--- START ---

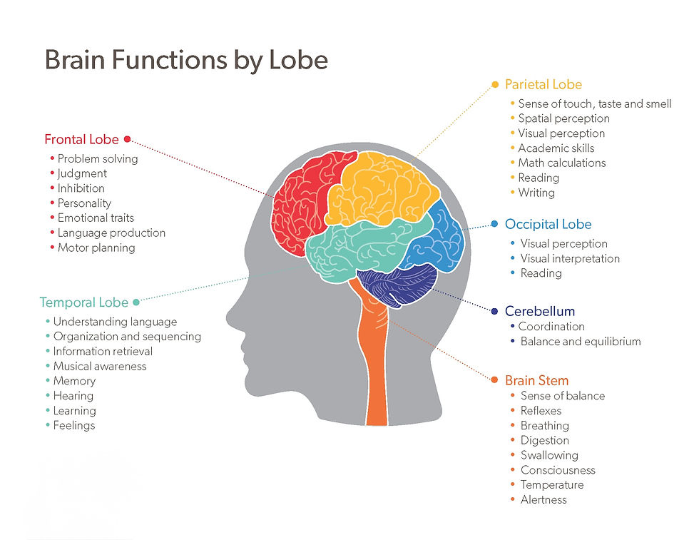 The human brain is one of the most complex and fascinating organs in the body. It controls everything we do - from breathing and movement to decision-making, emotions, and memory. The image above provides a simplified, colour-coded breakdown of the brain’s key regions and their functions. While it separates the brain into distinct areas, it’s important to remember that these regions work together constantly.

--- END ---
--- START ---

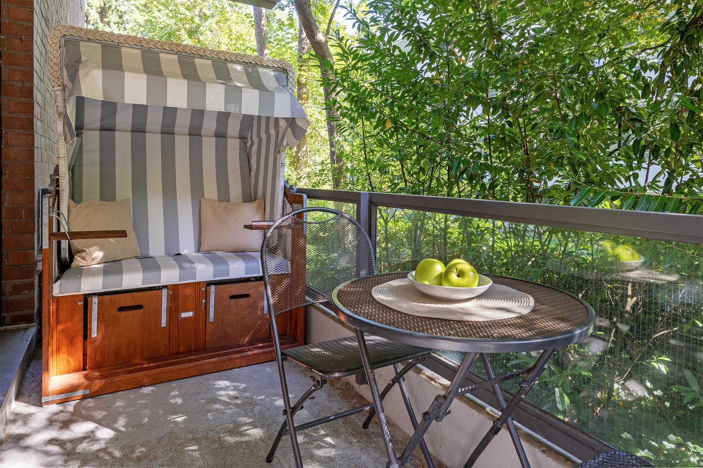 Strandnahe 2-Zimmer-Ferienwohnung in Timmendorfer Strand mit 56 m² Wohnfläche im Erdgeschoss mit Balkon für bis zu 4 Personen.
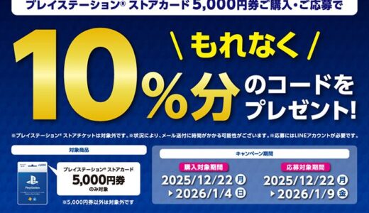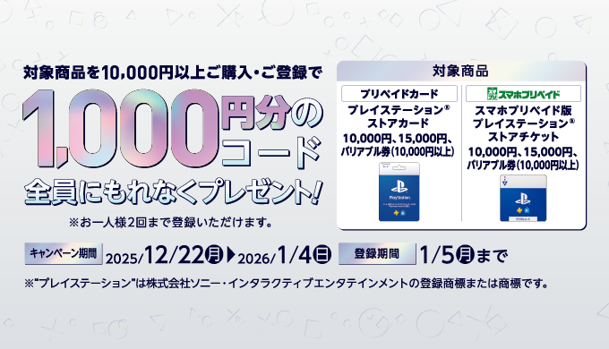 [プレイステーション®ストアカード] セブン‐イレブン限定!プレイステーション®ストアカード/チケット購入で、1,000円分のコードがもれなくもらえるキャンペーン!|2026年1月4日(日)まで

--- END ---

■ TASK OBJECTIVE
Since the pictures are not part of the copy, please transcribe only the lines above from the one with "Strandnahe 2-Zimmer-Ferienwohnung in" through the one with "[プレイステーション®ストア", exactly and with both ends.

■ SOLUTION TO THIS EXERCISE
 Strandnahe 2-Zimmer-Ferienwohnung in Timmendorfer Strand mit 56 m² Wohnfläche im Erdgeschoss mit Balkon für bis zu 4 Personen.
 [プレイステーション®ストアカード] セブン‐イレブン限定!プレイステーション®ストアカード/チケット購入で、1,000円分のコードがもれなくもらえるキャンペーン!|2026年1月4日(日)まで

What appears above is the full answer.